Tolerances to driver-witness misalignment in a quasilinear plasma wakefield accelerator

Abstract

Plasma-based accelerators offer high accelerating gradients and scalability through staging or long plasma sources, which makes them good candidates for future accelerator and collider concepts. Proton-driven accelerators in particular have the potential to bring particles to high energy in a single stage. In the quasilinear regime - where the plasma wake is only partially evacuated - a witness bunch of electrons drives a cavitated wake, which acts to preserve the emittance of the portion of the witness inside this self-blowout. In the case of a misalignment between the driver and witness, this behaviour can persist, but its effectiveness is reduced. In this paper, we study transverse witness dynamics in this regime, and develop analytical models to describe the witness motion, and develop a metric to estimate emittance preservation based on a single parameter which estimates the density of the witness after phase mixing. Particle in cell simulations using the AWAKE Run 2c baseline parameters show excellent agreement with the predictive models developed. This work allows alignment constraints to be set both for the AWAKE experiment and other wakefield acceleration schemes operating in the quasilinear regime.

Figures (5)

• Figure 1: Schematic view of the simulation setup. For an aligned driver-witness setup we have (a) the plasma (grey), with driver (purple) and witness (red) moving left-to-right in series. (b) The longitudinal fields, showing the beamloading due to the witness, and (c) the transverse force seen by a relativistic particle. We see that the witness blowout creates a region of focusing fields within the larger wake. Fields are normalised to the wavebreaking field $E_0 = m_ee\omega_p/e$. Here $\xi$ is the longitudinal coordinate relative to the driver centroid.
• Figure 2: Snapshots of the 400pC, 2µm emittance bunch for (a) no offset and (c) 20µm offset after 10m, and comparative slice emittances for all charge cases 100 -- 400pC, again for (b) no offset and (d) a 20µm offset. The initial charge density profile of all beams is illustrated by the blue dotted line in (d). Here $\xi$ is the longitudinal coordinate relative to the witness centroid.
• Figure 3: (a) Waterfall plot of the bunch transverse centroid position over its length $\xi$ and the propagation coordinate $z$ and, (b) short-time Fourier transform, showing the propagation distance-resolved oscillation frequency at the point $\xi = -0.5k_p$ in the witness, indicated by the dotted line in (a). The dotted white line shows the blowout betatron frequency $\omega_p/\sqrt{2\gamma}$, and the solid white line shows the numerically calculated quasilinear betatron frequency.
• Figure 4: Projected emittance after 10 metres.

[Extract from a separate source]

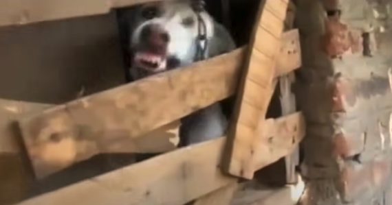 Dog rescuers were called upon regarding a cruelty case in which a dog was locked away in a room for a year and a half. He was left to fend for himself and forgotten about, so of course he became aggressive toward humans. The dog snarled and showed his teeth to rescuers through wooden planks covering a window.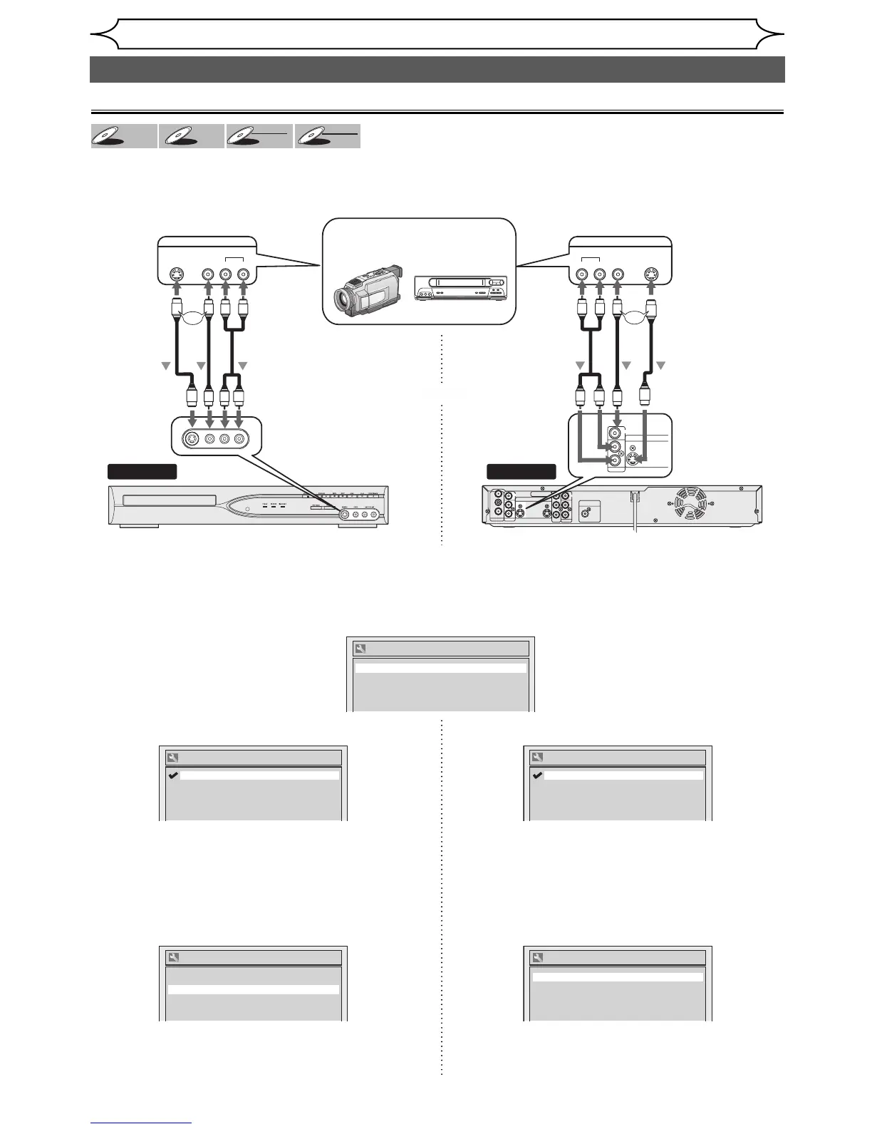 Use commercially available S-Video or Video cable and an Audio cable for this connection.

The geometric average of the $x$ and $y$-plane emittance is taken as the representative quantity while varying the initial emittance $\varepsilon_n$ and the offset $\Delta x$. Subplots (a) - (d) show increasing charge from 100 - 400 pC. The isobars for a 30µm projected emittance are shown as white dotted lines.
• Figure 5: Fraction of the bunch charge for which emittance is preserved (final emittance $<1.1$ times initial emittance). The effective peak density of the bunch is taken as $n_{b,\mathrm{eff.}} = Q/[e(2\pi)^{3/2}\sigma_z\sigma_y\sqrt{\sigma_x^2+\Delta x^2}]$. The point colour reflects the bunch parameters; charge (redness), offset (blueness) and initial emittance (alpha).